INPUT DATA Start Marker
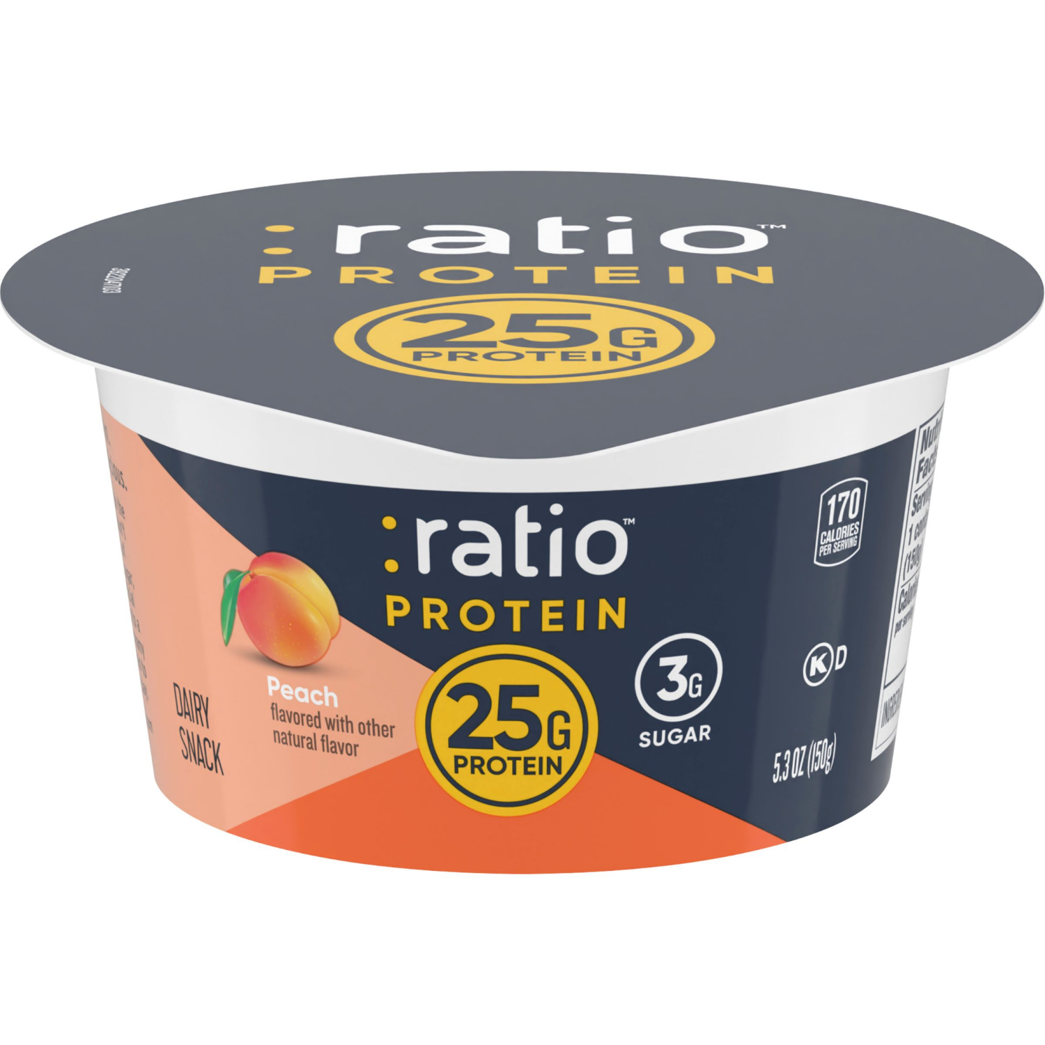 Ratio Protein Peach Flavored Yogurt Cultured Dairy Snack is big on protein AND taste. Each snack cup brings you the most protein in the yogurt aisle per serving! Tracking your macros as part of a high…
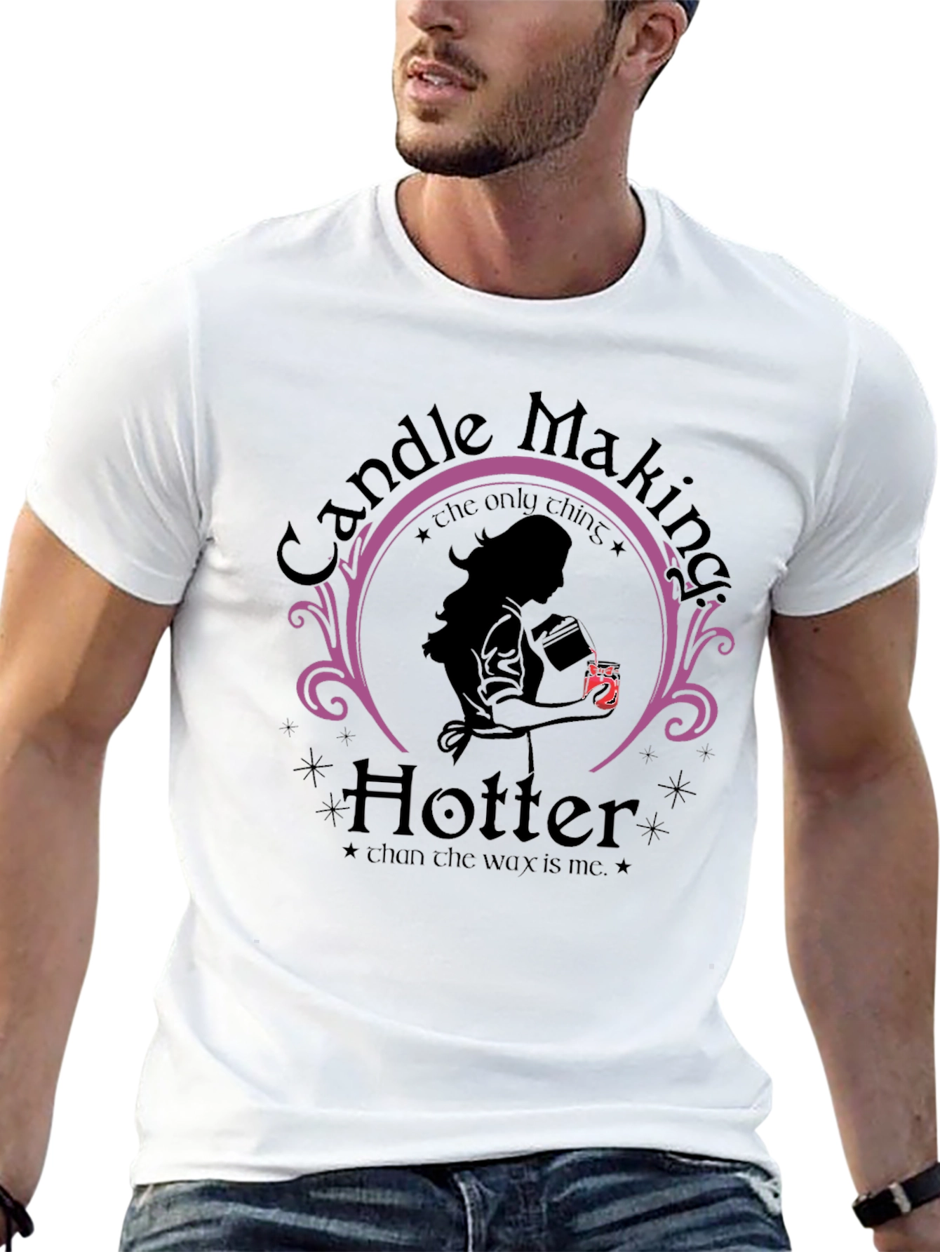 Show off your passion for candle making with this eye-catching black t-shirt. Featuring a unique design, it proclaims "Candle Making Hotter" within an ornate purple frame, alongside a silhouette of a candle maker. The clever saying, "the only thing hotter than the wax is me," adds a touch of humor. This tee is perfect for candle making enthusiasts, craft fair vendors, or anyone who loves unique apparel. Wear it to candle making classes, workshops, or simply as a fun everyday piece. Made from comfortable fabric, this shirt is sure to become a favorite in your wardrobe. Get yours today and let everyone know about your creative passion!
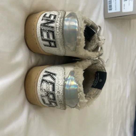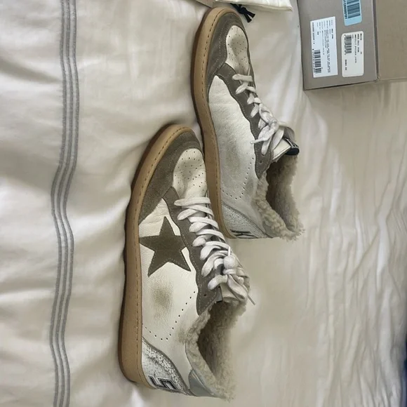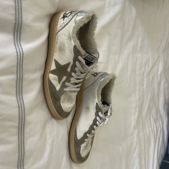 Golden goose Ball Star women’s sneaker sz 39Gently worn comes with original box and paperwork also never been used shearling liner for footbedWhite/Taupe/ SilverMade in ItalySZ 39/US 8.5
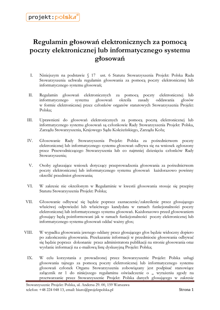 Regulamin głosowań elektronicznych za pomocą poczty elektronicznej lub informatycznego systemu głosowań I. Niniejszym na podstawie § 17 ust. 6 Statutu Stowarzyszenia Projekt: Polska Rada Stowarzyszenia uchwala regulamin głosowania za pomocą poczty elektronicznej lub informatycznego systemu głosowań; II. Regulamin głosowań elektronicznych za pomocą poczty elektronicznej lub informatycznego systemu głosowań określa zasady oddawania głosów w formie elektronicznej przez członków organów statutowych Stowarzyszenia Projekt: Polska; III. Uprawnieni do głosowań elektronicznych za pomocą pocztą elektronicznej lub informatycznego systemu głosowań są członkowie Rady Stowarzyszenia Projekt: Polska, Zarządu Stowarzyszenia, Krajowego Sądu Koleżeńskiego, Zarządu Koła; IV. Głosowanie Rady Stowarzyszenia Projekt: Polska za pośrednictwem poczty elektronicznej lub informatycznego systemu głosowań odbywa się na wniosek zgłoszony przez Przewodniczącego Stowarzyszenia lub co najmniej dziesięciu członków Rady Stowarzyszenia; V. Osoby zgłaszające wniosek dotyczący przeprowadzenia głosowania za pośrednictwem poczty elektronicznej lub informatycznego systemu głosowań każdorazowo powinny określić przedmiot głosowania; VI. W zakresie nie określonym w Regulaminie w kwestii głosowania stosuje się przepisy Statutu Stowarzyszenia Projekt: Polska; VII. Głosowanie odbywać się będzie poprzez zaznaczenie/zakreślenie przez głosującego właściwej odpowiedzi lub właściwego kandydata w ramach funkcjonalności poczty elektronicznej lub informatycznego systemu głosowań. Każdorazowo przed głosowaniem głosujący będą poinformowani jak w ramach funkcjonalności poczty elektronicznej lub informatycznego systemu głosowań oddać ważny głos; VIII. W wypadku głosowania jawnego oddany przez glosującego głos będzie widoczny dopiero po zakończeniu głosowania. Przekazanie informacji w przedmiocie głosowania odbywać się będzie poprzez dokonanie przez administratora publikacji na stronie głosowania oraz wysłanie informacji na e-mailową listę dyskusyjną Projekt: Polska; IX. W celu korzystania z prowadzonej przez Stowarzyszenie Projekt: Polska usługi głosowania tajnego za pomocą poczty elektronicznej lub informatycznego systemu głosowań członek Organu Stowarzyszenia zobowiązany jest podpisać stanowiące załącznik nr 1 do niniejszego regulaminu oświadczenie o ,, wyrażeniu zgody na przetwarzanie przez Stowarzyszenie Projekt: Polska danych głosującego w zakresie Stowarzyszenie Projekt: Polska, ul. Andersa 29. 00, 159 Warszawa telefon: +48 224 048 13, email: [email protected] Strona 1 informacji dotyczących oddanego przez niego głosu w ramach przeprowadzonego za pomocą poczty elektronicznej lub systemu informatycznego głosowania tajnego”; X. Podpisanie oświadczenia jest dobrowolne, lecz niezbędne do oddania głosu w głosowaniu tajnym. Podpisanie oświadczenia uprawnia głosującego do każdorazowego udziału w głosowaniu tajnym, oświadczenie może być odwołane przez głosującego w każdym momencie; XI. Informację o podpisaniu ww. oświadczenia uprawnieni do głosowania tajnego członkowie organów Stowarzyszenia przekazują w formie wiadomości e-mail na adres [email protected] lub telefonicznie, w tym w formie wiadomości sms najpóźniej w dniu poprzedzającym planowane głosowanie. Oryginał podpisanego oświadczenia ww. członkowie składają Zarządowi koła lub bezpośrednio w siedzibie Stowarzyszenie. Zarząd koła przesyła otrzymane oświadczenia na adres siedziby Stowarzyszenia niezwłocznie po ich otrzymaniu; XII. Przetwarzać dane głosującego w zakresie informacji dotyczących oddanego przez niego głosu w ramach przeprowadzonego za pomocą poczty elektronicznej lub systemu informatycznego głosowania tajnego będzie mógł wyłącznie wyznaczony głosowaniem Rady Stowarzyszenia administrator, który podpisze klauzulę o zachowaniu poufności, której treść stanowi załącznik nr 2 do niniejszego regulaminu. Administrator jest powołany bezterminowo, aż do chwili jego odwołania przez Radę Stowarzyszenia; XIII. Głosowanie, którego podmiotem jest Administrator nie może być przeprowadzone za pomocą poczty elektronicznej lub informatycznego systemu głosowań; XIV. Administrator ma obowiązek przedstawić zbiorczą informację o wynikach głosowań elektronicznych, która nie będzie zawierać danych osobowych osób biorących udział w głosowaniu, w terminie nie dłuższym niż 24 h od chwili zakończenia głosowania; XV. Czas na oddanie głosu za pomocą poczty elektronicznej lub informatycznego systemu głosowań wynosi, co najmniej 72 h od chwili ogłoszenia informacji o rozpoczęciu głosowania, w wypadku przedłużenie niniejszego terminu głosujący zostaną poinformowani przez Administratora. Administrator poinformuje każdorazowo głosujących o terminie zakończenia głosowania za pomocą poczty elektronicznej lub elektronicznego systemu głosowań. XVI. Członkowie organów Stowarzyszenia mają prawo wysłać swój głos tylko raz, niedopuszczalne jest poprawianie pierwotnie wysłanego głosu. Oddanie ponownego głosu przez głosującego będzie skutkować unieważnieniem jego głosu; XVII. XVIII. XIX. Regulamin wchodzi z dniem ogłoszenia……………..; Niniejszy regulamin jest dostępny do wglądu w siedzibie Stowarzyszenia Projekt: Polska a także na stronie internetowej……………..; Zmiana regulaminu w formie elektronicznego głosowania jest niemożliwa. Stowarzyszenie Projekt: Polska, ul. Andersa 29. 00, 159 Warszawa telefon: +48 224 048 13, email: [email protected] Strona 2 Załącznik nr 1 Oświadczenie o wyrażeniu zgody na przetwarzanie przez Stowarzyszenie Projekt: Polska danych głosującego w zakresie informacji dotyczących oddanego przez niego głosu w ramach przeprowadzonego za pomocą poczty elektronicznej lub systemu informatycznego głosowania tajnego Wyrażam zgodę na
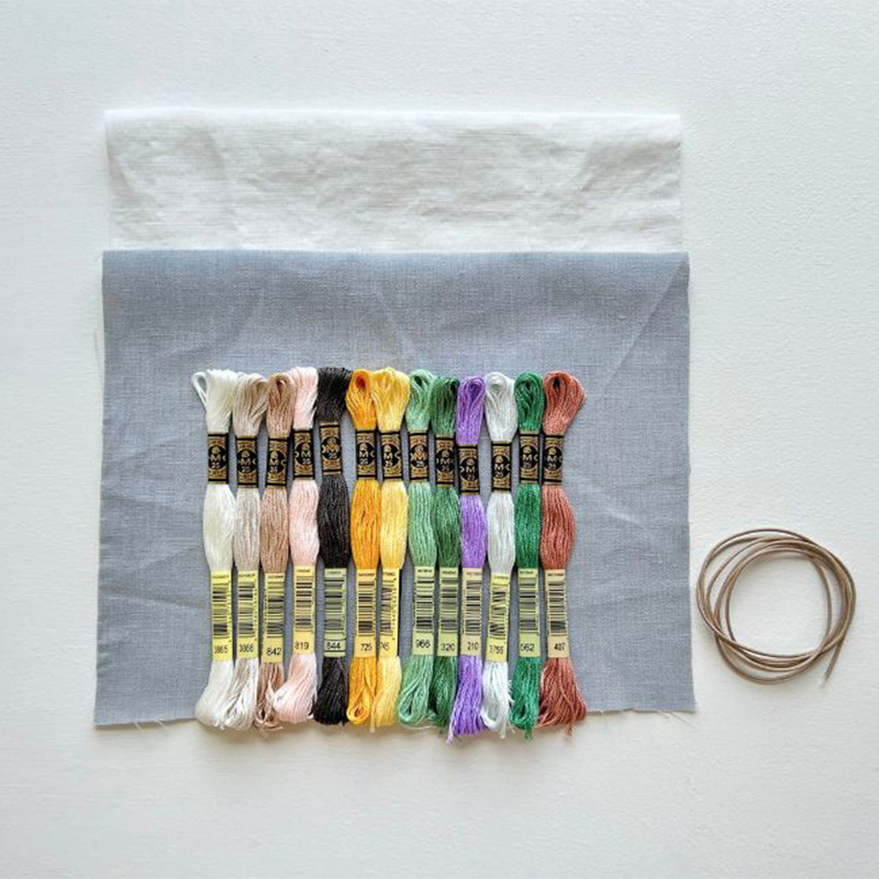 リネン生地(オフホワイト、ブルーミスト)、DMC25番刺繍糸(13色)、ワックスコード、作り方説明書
INPUT DATA End Marker
TASK TO COMPLETE:
Please write out every entry exactly, but skip the pictures.

RESULT OF THIS EXERCISE:
 Ratio Protein Peach Flavored Yogurt Cultured Dairy Snack is big on protein AND taste. Each snack cup brings you the most protein in the yogurt aisle per serving! Tracking your macros as part of a high…
 Show off your passion for candle making with this eye-catching black t-shirt. Featuring a unique design, it proclaims "Candle Making Hotter" within an ornate purple frame, alongside a silhouette of a candle maker. The clever saying, "the only thing hotter than the wax is me," adds a touch of humor. This tee is perfect for candle making enthusiasts, craft fair vendors, or anyone who loves unique apparel. Wear it to candle making classes, workshops, or simply as a fun everyday piece. Made from comfortable fabric, this shirt is sure to become a favorite in your wardrobe. Get yours today and let everyone know about your creative passion!
 Golden goose Ball Star women’s sneaker sz 39Gently worn comes with original box and paperwork also never been used shearling liner for footbedWhite/Taupe/ SilverMade in ItalySZ 39/US 8.5
 Regulamin głosowań elektronicznych za pomocą poczty elektronicznej lub informatycznego systemu głosowań I. Niniejszym na podstawie § 17 ust. 6 Statutu Stowarzyszenia Projekt: Polska Rada Stowarzyszenia uchwala regulamin głosowania za pomocą poczty elektronicznej lub informatycznego systemu głosowań; II. Regulamin głosowań elektronicznych za pomocą poczty elektronicznej lub informatycznego systemu głosowań określa zasady oddawania głosów w formie elektronicznej przez członków organów statutowych Stowarzyszenia Projekt: Polska; III. Uprawnieni do głosowań elektronicznych za pomocą pocztą elektronicznej lub informatycznego systemu głosowań są członkowie Rady Stowarzyszenia Projekt: Polska, Zarządu Stowarzyszenia, Krajowego Sądu Koleżeńskiego, Zarządu Koła; IV. Głosowanie Rady Stowarzyszenia Projekt: Polska za pośrednictwem poczty elektronicznej lub informatycznego systemu głosowań odbywa się na wniosek zgłoszony przez Przewodniczącego Stowarzyszenia lub co najmniej dziesięciu członków Rady Stowarzyszenia; V. Osoby zgłaszające wniosek dotyczący przeprowadzenia głosowania za pośrednictwem poczty elektronicznej lub informatycznego systemu głosowań każdorazowo powinny określić przedmiot głosowania; VI. W zakresie nie określonym w Regulaminie w kwestii głosowania stosuje się przepisy Statutu Stowarzyszenia Projekt: Polska; VII. Głosowanie odbywać się będzie poprzez zaznaczenie/zakreślenie przez głosującego właściwej odpowiedzi lub właściwego kandydata w ramach funkcjonalności poczty elektronicznej lub informatycznego systemu głosowań. Każdorazowo przed głosowaniem głosujący będą poinformowani jak w ramach funkcjonalności poczty elektronicznej lub informatycznego systemu głosowań oddać ważny głos; VIII. W wypadku głosowania jawnego oddany przez glosującego głos będzie widoczny dopiero po zakończeniu głosowania. Przekazanie informacji w przedmiocie głosowania odbywać się będzie poprzez dokonanie przez administratora publikacji na stronie głosowania oraz wysłanie informacji na e-mailową listę dyskusyjną Projekt: Polska; IX. W celu korzystania z prowadzonej przez Stowarzyszenie Projekt: Polska usługi głosowania tajnego za pomocą poczty elektronicznej lub informatycznego systemu głosowań członek Organu Stowarzyszenia zobowiązany jest podpisać stanowiące załącznik nr 1 do niniejszego regulaminu oświadczenie o ,, wyrażeniu zgody na przetwarzanie przez Stowarzyszenie Projekt: Polska danych głosującego w zakresie Stowarzyszenie Projekt: Polska, ul. Andersa 29. 00, 159 Warszawa telefon: +48 224 048 13, email: [email protected] Strona 1 informacji dotyczących oddanego przez niego głosu w ramach przeprowadzonego za pomocą poczty elektronicznej lub systemu informatycznego głosowania tajnego”; X. Podpisanie oświadczenia jest dobrowolne, lecz niezbędne do oddania głosu w głosowaniu tajnym. Podpisanie oświadczenia uprawnia głosującego do każdorazowego udziału w głosowaniu tajnym, oświadczenie może być odwołane przez głosującego w każdym momencie; XI. Informację o podpisaniu ww. oświadczenia uprawnieni do głosowania tajnego członkowie organów Stowarzyszenia przekazują w formie wiadomości e-mail na adres [email protected] lub telefonicznie, w tym w formie wiadomości sms najpóźniej w dniu poprzedzającym planowane głosowanie. Oryginał podpisanego oświadczenia ww. członkowie składają Zarządowi koła lub bezpośrednio w siedzibie Stowarzyszenie. Zarząd koła przesyła otrzymane oświadczenia na adres siedziby Stowarzyszenia niezwłocznie po ich otrzymaniu; XII. Przetwarzać dane głosującego w zakresie informacji dotyczących oddanego przez niego głosu w ramach przeprowadzonego za pomocą poczty elektronicznej lub systemu informatycznego głosowania tajnego będzie mógł wyłącznie wyznaczony głosowaniem Rady Stowarzyszenia administrator, który podpisze klauzulę o zachowaniu poufności, której treść stanowi załącznik nr 2 do niniejszego regulaminu. Administrator jest powołany bezterminowo, aż do chwili jego odwołania przez Radę Stowarzyszenia; XIII. Głosowanie, którego podmiotem jest Administrator nie może być przeprowadzone za pomocą poczty elektronicznej lub informatycznego systemu głosowań; XIV. Administrator ma obowiązek przedstawić zbiorczą informację o wynikach głosowań elektronicznych, która nie będzie zawierać danych osobowych osób biorących udział w głosowaniu, w terminie nie dłuższym niż 24 h od chwili zakończenia głosowania; XV. Czas na oddanie głosu za pomocą poczty elektronicznej lub informatycznego systemu głosowań wynosi, co najmniej 72 h od chwili ogłoszenia informacji o rozpoczęciu głosowania, w wypadku przedłużenie niniejszego terminu głosujący zostaną poinformowani przez Administratora. Administrator poinformuje każdorazowo głosujących o terminie zakończenia głosowania za pomocą poczty elektronicznej lub elektronicznego systemu głosowań. XVI. Członkowie organów Stowarzyszenia mają prawo wysłać swój głos tylko raz, niedopuszczalne jest poprawianie pierwotnie wysłanego głosu. Oddanie ponownego głosu przez głosującego będzie skutkować unieważnieniem jego głosu; XVII. XVIII. XIX. Regulamin wchodzi z dniem ogłoszenia……………..; Niniejszy regulamin jest dostępny do wglądu w siedzibie Stowarzyszenia Projekt: Polska a także na stronie internetowej……………..; Zmiana regulaminu w formie elektronicznego głosowania jest niemożliwa. Stowarzyszenie Projekt: Polska, ul. Andersa 29. 00, 159 Warszawa telefon: +48 224 048 13, email: [email protected] Strona 2 Załącznik nr 1 Oświadczenie o wyrażeniu zgody na przetwarzanie przez Stowarzyszenie Projekt: Polska danych głosującego w zakresie informacji dotyczących oddanego przez niego głosu w ramach przeprowadzonego za pomocą poczty elektronicznej lub systemu informatycznego głosowania tajnego Wyrażam zgodę na
 リネン生地(オフホワイト、ブルーミスト)、DMC25番刺繍糸(13色)、ワックスコード、作り方説明書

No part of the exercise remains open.